Task description: What is wanted is every line below from the one with "(中古)袋帯 金 フォーマル 六通 金糸 花喰い鳥 蔓牡丹 菊 違い棚 紗綾型 菱 網代" up to and including the one with "客厅空间的穿插和转折突显了色", retyped exactly, pictures excluded, nothing else.

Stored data
◇ ◇ ◇
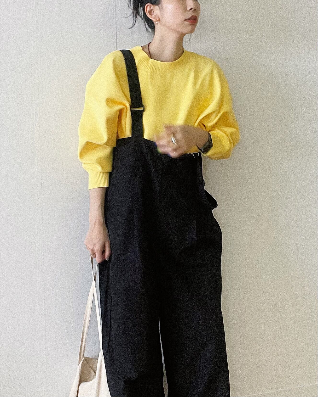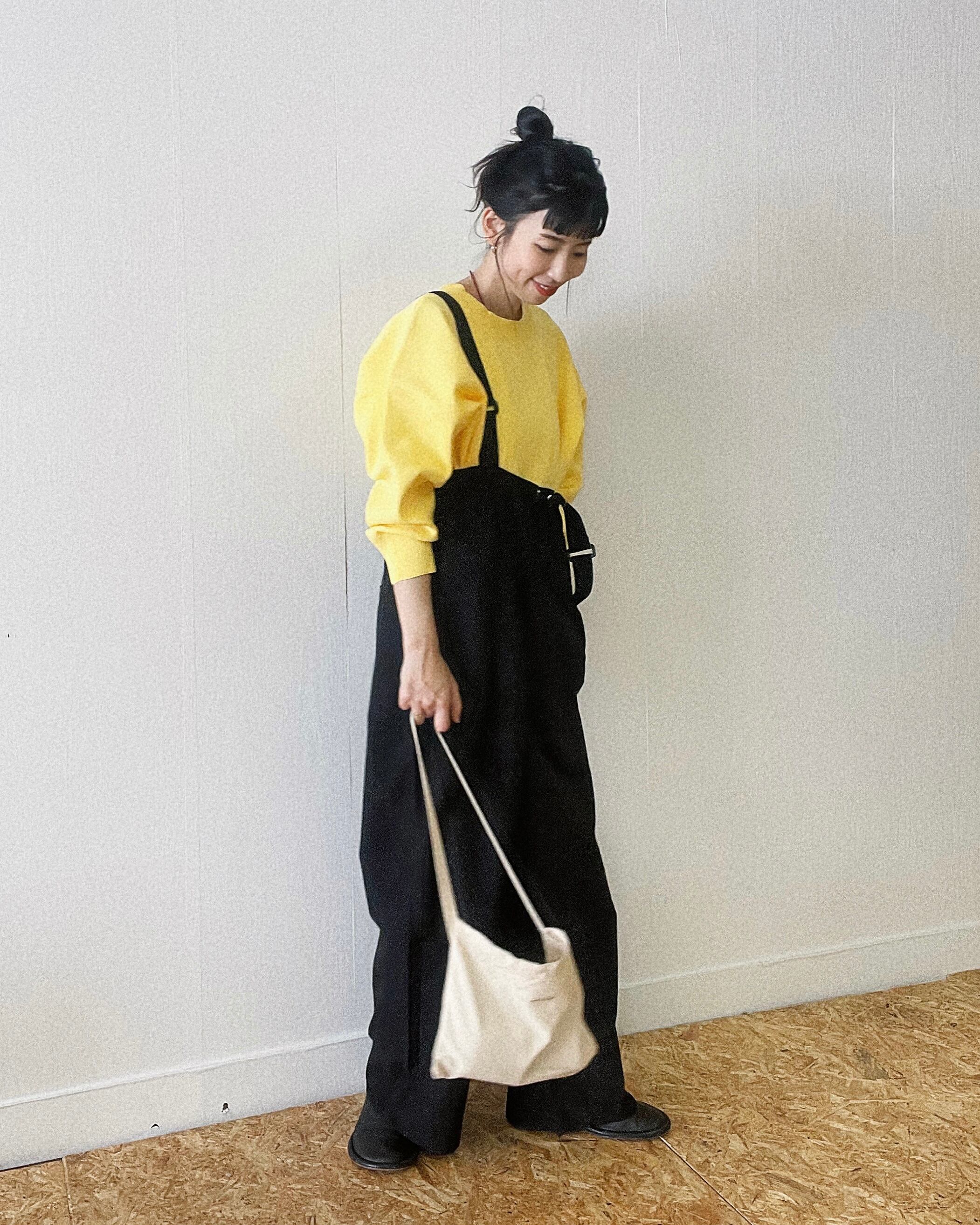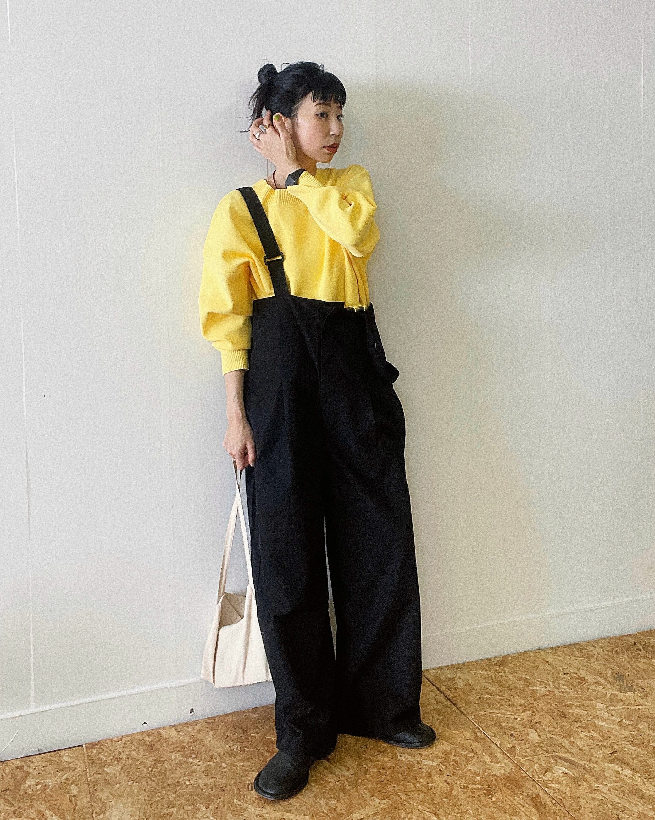 カラーものをコーディネートに一点取り入れるだけで華やかな雰囲気に。
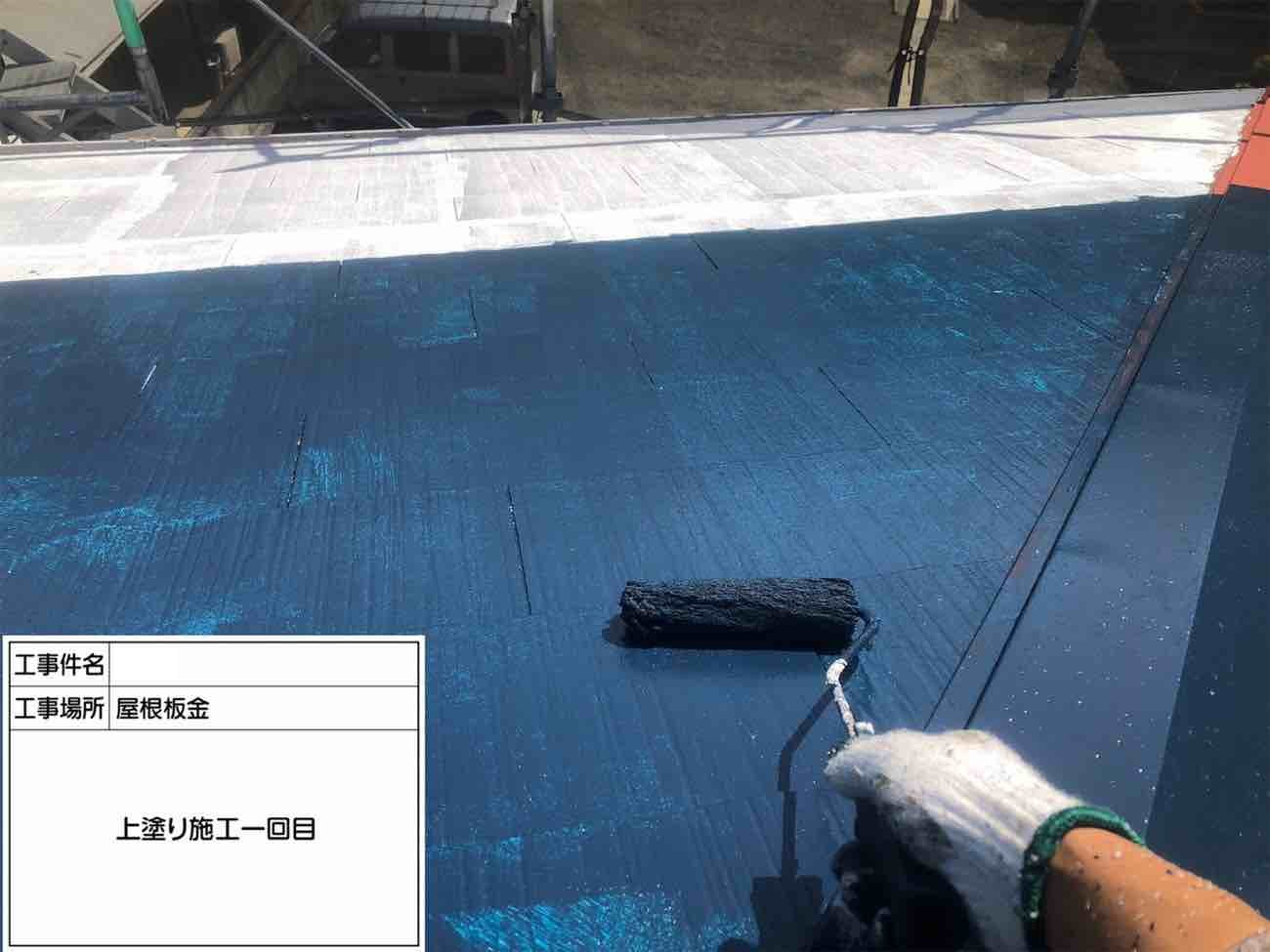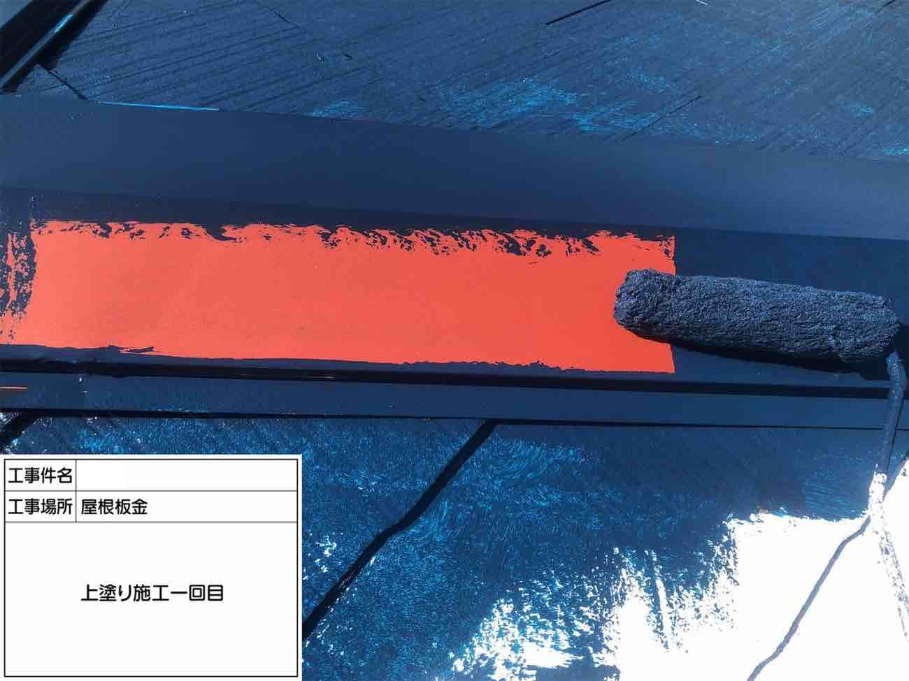 屋根板金最後の工程です。丁寧に重ねて塗っていきます。
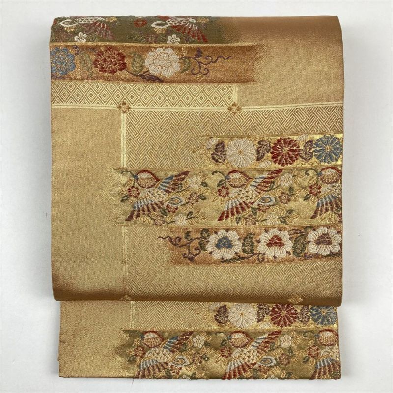 (中古)袋帯 金 フォーマル 六通 金糸 花喰い鳥 蔓牡丹 菊 違い棚 紗綾型 菱 網代
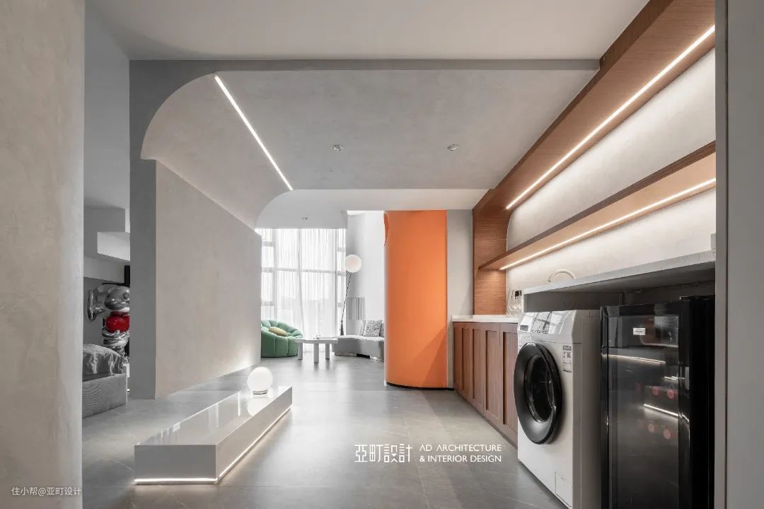 客厅空间的穿插和转折突显了色彩的真诚热情。在具象化的场景中,建构出新的游乐场景,让每个色彩都充分得到尊重,满足人们对未知的想象,亦是新商业的游乐之趣。墙面隐藏的灯带让空间更加立体,蜿蜒的门洞打破了传统居所循规蹈矩的布局,使得小空间也变得富有探索感。
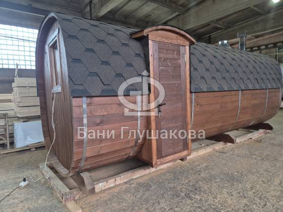 Перевозная квадробочка совмещает в себе классическую баню в виде бытовку с оригинальной круглой баней бочкой. С одной стороны конфигурация более привычная, а с другой — необычный дизайн.
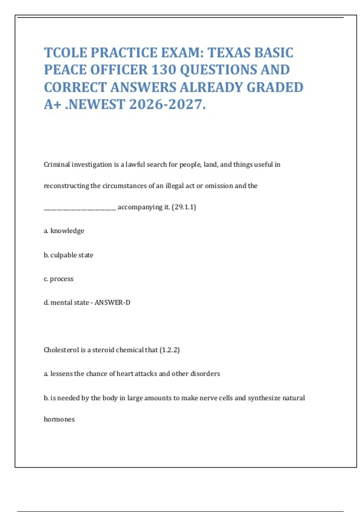 PEACE OFFICER 130 QUESTIONS AND
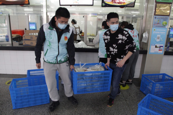 一份份热腾腾的盒饭在校园里迅速传递
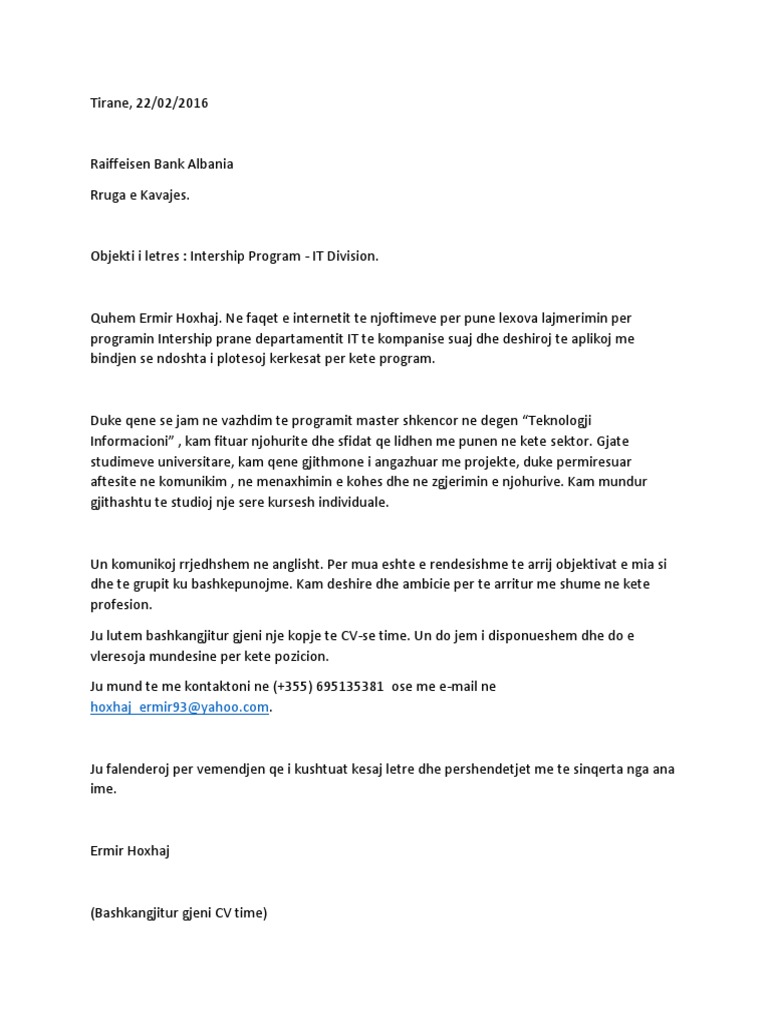 Në mënyrë të pavetëdijshme ne fryjmë ndjenjat dhe idetë kur gënjejmë. Leter motivimi per pune ne bankepdf FREE PDF DOWNLOAD NOW. Kur një letër motivimi shkruhet për të aplikuar për një vend pune kandidati nëpërmjet saj duhet të përshkruajë se pse është i interesuar për atë pozitë pune dhe pse.
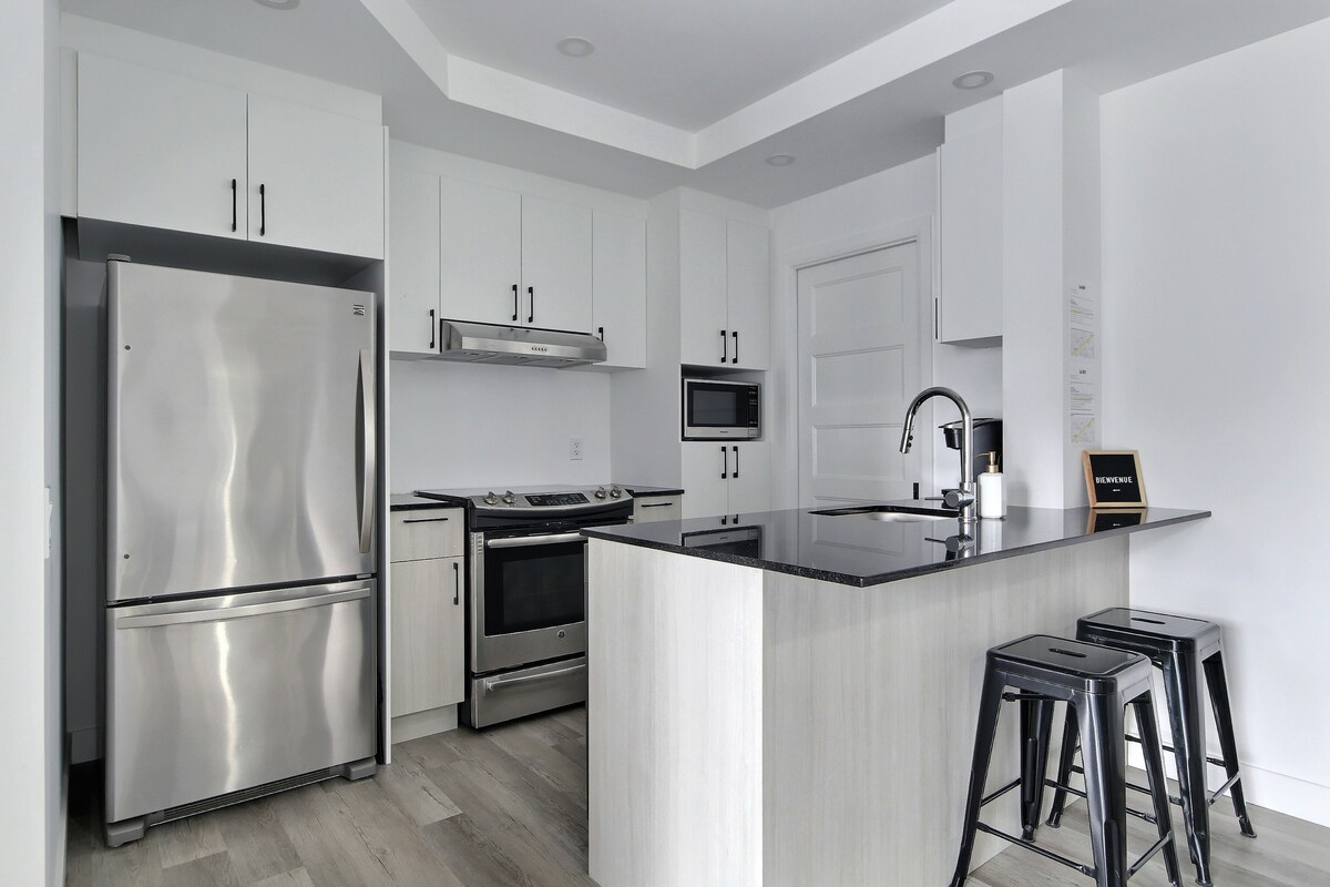 This modern condo (2022) is less than a 15-minute walk from Old Quebec. Enjoy the amenities of a hotel without neglecting the comfort of your home. It includes nearby parking, a swimming pool, a terrace, a gym, a fully equipped kitchen, and a washer and dryer. Its cozy bed will welcome you after your days of walking to visit the most popular tourist attractions or after your evenings at the many quality restaurants nearby.
◇ ◇ ◇
Solution below:
 (中古)袋帯 金 フォーマル 六通 金糸 花喰い鳥 蔓牡丹 菊 違い棚 紗綾型 菱 網代
 客厅空间的穿插和转折突显了色彩的真诚热情。在具象化的场景中,建构出新的游乐场景,让每个色彩都充分得到尊重,满足人们对未知的想象,亦是新商业的游乐之趣。墙面隐藏的灯带让空间更加立体,蜿蜒的门洞打破了传统居所循规蹈矩的布局,使得小空间也变得富有探索感。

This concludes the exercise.